Personal information
- Full name: Melissa Carmen Bulanhagui
- Born: August 16, 1990 (age 35) Philadelphia, Pennsylvania, United States
- Height: 5 ft 0 in (1.52 m)

Figure skating career
- Country: Philippines (2011–2015) United States (until 2011)
- Coach: Karen Ludington Ron Ludington Kat Arbour
- Skating club: University of Delaware FSC
- Retired: 2015

= Melissa Bulanhagui =

American figure skater (born 1990)

Melissa Carmen Bulanhagui (born August 16, 1990) is an American former figure skater. She represented the United States internationally from 2005 through 2010. She became the 2006 U.S. junior national bronze medalist and won two ISU Junior Grand Prix medals (gold at 2008 JGP Italy, silver at 2006 JGP Romania). After moving up to the senior ranks, she won bronze at the 2010 Nebelhorn Trophy. In 2011, she decided to compete for the Philippines. She would win bronze at the 2013 Asian Open Trophy and two Philippine national titles (2012, 2013). She also competed at two Four Continents Championships.

== Career ==
===Figure skating===
Bulanhagui won the junior bronze medal at the 2006 U.S. Championships. She made her ISU Junior Grand Prix debut the following season, winning a silver medal and placing 4th in her other event. She qualified for the Final where she finished 4th.

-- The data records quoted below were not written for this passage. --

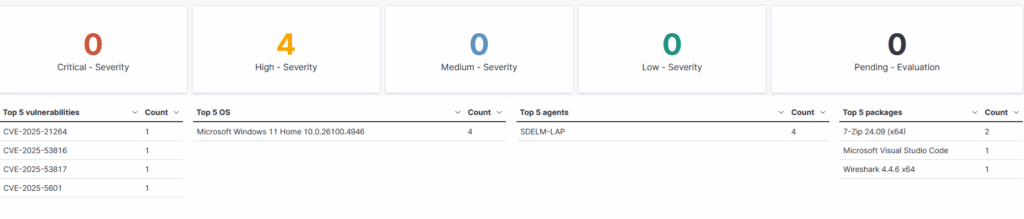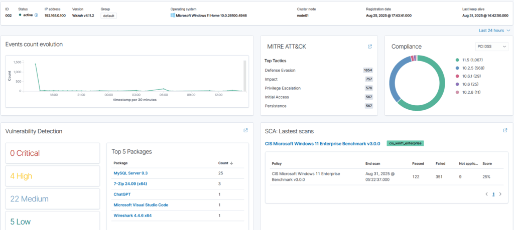 On my personal home Wazuh SIEM, I have my desktop and laptop connected. If I select my laptop for investigation, I am presented with a ton of different features on the dashboard.
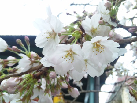 家に戻ると、隣家の桜の花が咲いているのを発見した。
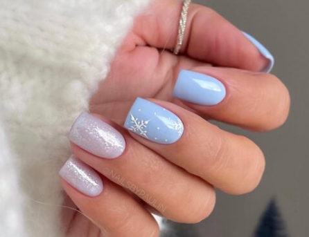 Pour une manucure qui évoque vraiment la magie de la saison, nos rédactrices vous recommandent d’opter pour l’effet chrome qui va ajouter une touche lumineuse et moderne à vos ongles. Le vernis effet chrome bleu glacier est un véritable bijou qui reste dans l’esprit chic et hivernal.

In 2007, Bulanhagui sprained her right ankle twice and tore a ligament while practicing triple lutzes. During the 2008–09 season, she won a gold medal at the Junior Grand Prix event in Italy and placed 9th in her other event. In September 2010, she won her first senior international medal – bronze at the Nebelhorn Trophy in Germany.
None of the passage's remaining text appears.